Notice that this never once comes up for May. I'd love to see her try and reason some of her decisions against the values of her religion.
 

Jezbollah

Member
That's the thing about the Troubles, if you were in the British military or security services then you died a martyr and a hero and everyone's supposed to have infinite sympathy for you. But if you were a catholic civilian killed by the army, or the RUC, or the UDA under tacit approval of the government no-one gives a shit and you might as well not exist. The way the Troubles are treated in England is basically IRA bad, Our Boys good. Everyone's forgotten what the British were getting up to over there and it's one-sided, ahistorical, and frankly disgusting.


EDIT: I bet if you asked journalists working today who the UDA or the UDR were they wouldn't be able to tell you

Yep I was going to add a line in there too to mention those killed by unionist organisations. Heartache and anger on both sides that wont be forgotten soon.
 
The trident question also pissed me off, Corbyn made his position perfectly clear.

He doesn't believe in it but it was voted for so he is respecting that vote.

Why is that controversial? I mean if that's such a problem why didn't Andrew hound May about being remain yet now being hard brexit?
 
Yep I was going to add a line in there too to mention those killed by unionist organisations. Heartache and anger on both sides that wont be forgotten soon.

It's fucking galling. Members of the DUP, who were the political front for loyalist mobs that terrorised Catholic communities for decades and started the remilitarisation of the conflict by attacking non-violent civil rights demonstrations, are allowed to pontificate about Corbyn's closeness with the PIRA without any kind of challenge at all. It's sickening

EDIT: and look, for all the talk of "both sides" they aren't really equivalent. Most people killed by republican forces were military or police; most killed by the army, police, or loyalist militias were civilians. There's no justification for killing innocents, but one side did it less than the other and yet they're the ones who are villainised.
 
I think it's fairly obvious that Neil has no interest in asking useful questions, and would prefer to ask the most awkward questions possible even if they've already been answered comprehensively many times over. Farron will be asked about religion, LGBT issues, abortion for at least ten minutes, mark my words.

Possibly, hopefully 5 minutes.

Did you watch the May interview?

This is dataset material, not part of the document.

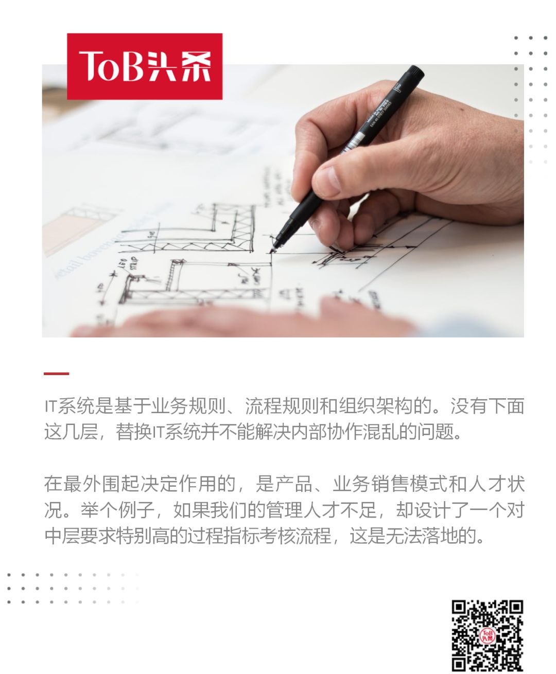 IT系统是基于业务规则、流程规则和组织架构的。没有下面这几层,替换IT系统并不能解决内部协作混乱的问题。下面我就一层层讲讲。

Dodge dodge dodge, the complete opposite of answering "comprehensively many times over", maybe read through this thread as well, not just me who thinks that. I'll give you Corbyn at one point he did answer comprehensively without giving a single line answer.
 

jelly

Member
Michael Fallon just got destroyed on Channel 4 good lord

Do tell.

I wish the media would go in on the politicians views more, they are so easily destroyed but the journalists usually just let them off or repeat what they said without challenge.